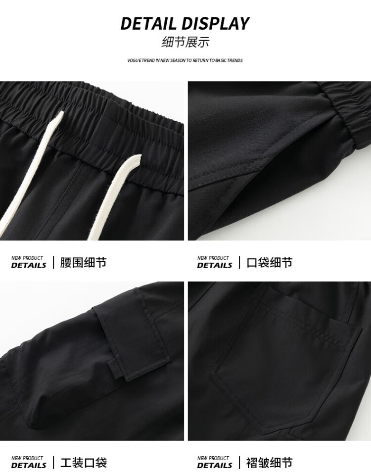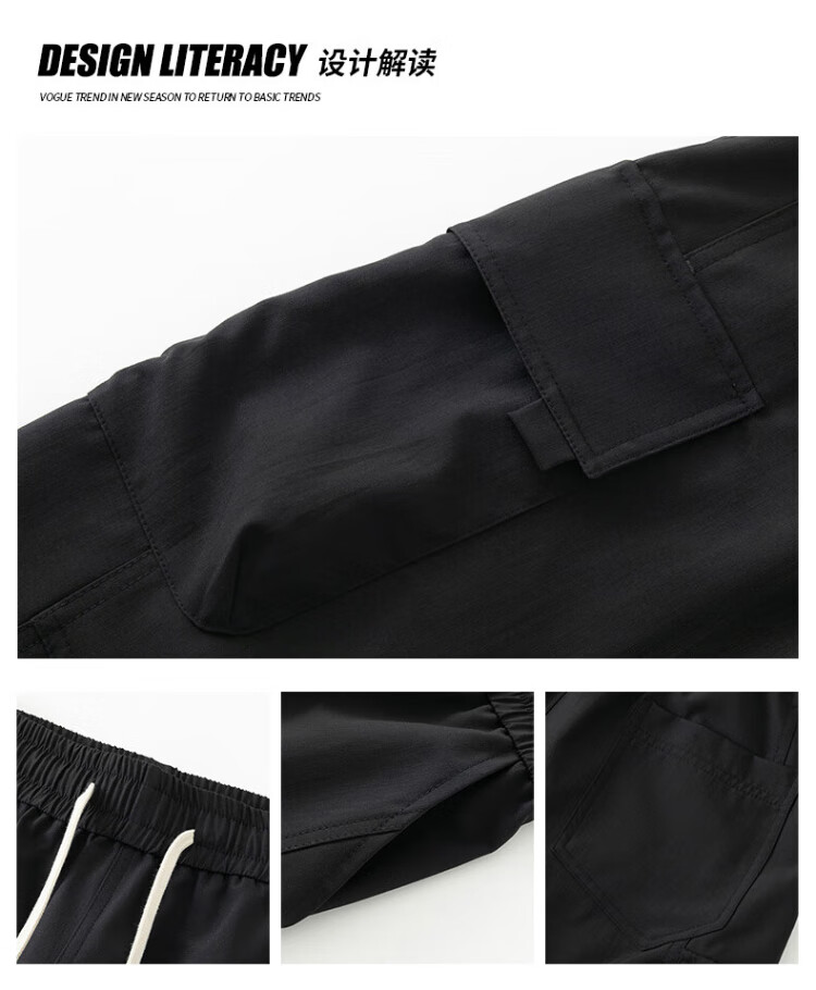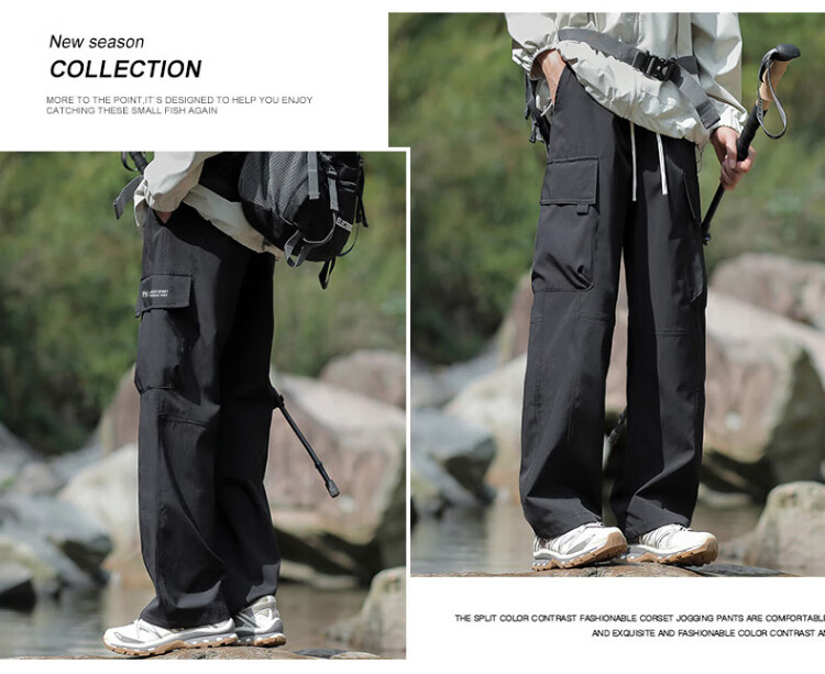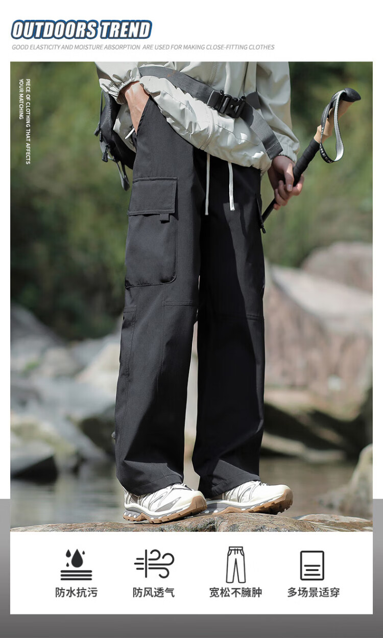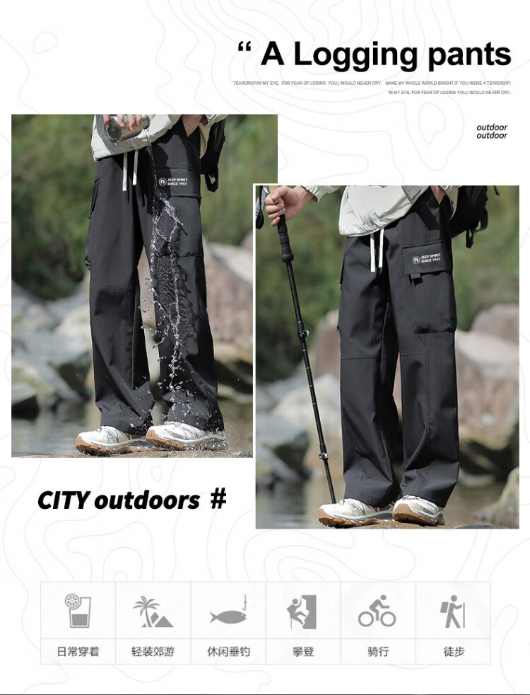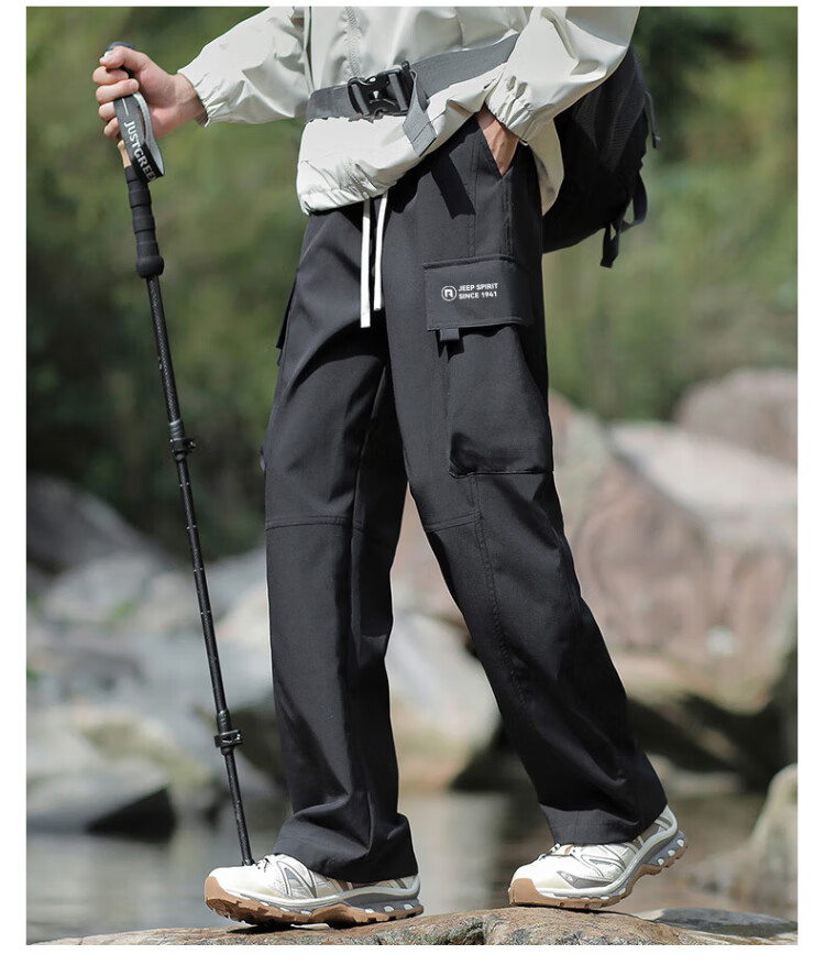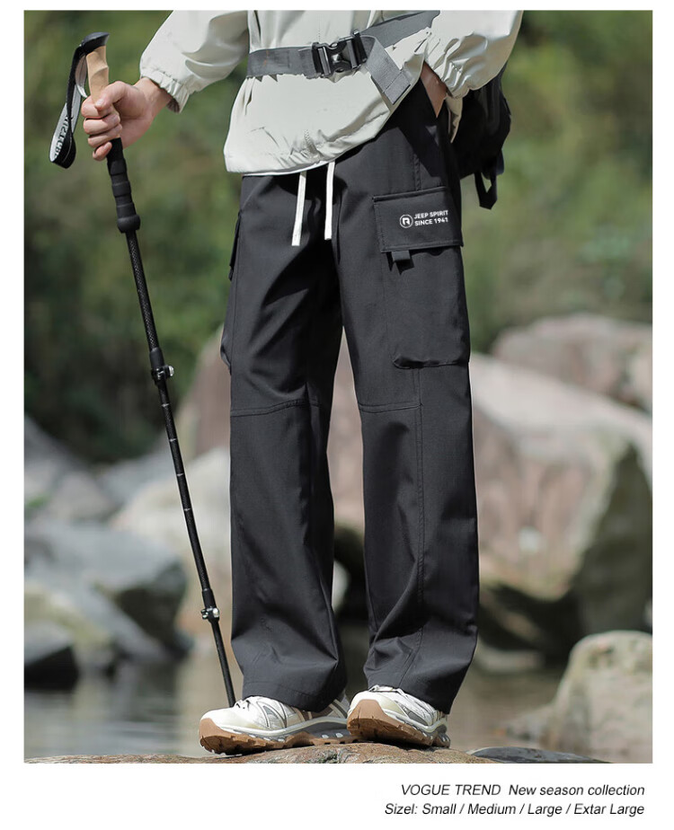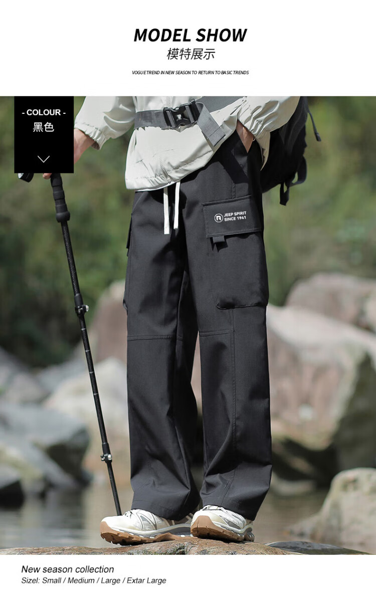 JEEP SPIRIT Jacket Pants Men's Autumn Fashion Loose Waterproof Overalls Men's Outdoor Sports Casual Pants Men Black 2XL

==

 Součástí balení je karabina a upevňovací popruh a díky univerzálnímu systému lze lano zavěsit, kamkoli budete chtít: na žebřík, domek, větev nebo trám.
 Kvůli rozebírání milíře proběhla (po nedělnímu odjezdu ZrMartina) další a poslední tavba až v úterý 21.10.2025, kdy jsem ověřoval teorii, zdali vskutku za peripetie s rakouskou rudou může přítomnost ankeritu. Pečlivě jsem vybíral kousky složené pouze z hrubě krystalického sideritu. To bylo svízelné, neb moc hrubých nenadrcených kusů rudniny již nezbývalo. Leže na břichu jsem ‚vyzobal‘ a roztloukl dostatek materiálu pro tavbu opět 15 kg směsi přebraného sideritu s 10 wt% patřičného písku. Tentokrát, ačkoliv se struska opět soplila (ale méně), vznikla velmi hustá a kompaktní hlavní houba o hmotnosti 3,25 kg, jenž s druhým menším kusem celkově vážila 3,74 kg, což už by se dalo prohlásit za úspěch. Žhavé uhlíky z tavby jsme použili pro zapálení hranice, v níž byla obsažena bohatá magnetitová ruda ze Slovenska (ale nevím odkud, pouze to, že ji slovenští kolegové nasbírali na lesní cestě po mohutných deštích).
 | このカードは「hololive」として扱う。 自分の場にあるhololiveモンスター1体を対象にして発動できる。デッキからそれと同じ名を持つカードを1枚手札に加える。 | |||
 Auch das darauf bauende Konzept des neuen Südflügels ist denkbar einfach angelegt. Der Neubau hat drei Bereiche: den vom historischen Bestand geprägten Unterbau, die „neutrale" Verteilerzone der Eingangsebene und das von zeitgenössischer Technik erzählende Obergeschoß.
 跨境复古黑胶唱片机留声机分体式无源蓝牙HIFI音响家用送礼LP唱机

**ASSIGNMENT**
Give an exact copy of the lines above from the line with "Součástí balení je" up to and including the line with "跨境复古黑胶唱片机留声机分体式无源蓝牙HIFI音响家用送礼LP唱机", and leave everything else out.

**ANSWER BOX**
 Součástí balení je karabina a upevňovací popruh a díky univerzálnímu systému lze lano zavěsit, kamkoli budete chtít: na žebřík, domek, větev nebo trám.
 Kvůli rozebírání milíře proběhla (po nedělnímu odjezdu ZrMartina) další a poslední tavba až v úterý 21.10.2025, kdy jsem ověřoval teorii, zdali vskutku za peripetie s rakouskou rudou může přítomnost ankeritu. Pečlivě jsem vybíral kousky složené pouze z hrubě krystalického sideritu. To bylo svízelné, neb moc hrubých nenadrcených kusů rudniny již nezbývalo. Leže na břichu jsem ‚vyzobal‘ a roztloukl dostatek materiálu pro tavbu opět 15 kg směsi přebraného sideritu s 10 wt% patřičného písku. Tentokrát, ačkoliv se struska opět soplila (ale méně), vznikla velmi hustá a kompaktní hlavní houba o hmotnosti 3,25 kg, jenž s druhým menším kusem celkově vážila 3,74 kg, což už by se dalo prohlásit za úspěch. Žhavé uhlíky z tavby jsme použili pro zapálení hranice, v níž byla obsažena bohatá magnetitová ruda ze Slovenska (ale nevím odkud, pouze to, že ji slovenští kolegové nasbírali na lesní cestě po mohutných deštích).
 | このカードは「hololive」として扱う。 自分の場にあるhololiveモンスター1体を対象にして発動できる。デッキからそれと同じ名を持つカードを1枚手札に加える。 | |||
 Auch das darauf bauende Konzept des neuen Südflügels ist denkbar einfach angelegt. Der Neubau hat drei Bereiche: den vom historischen Bestand geprägten Unterbau, die „neutrale" Verteilerzone der Eingangsebene und das von zeitgenössischer Technik erzählende Obergeschoß.
 跨境复古黑胶唱片机留声机分体式无源蓝牙HIFI音响家用送礼LP唱机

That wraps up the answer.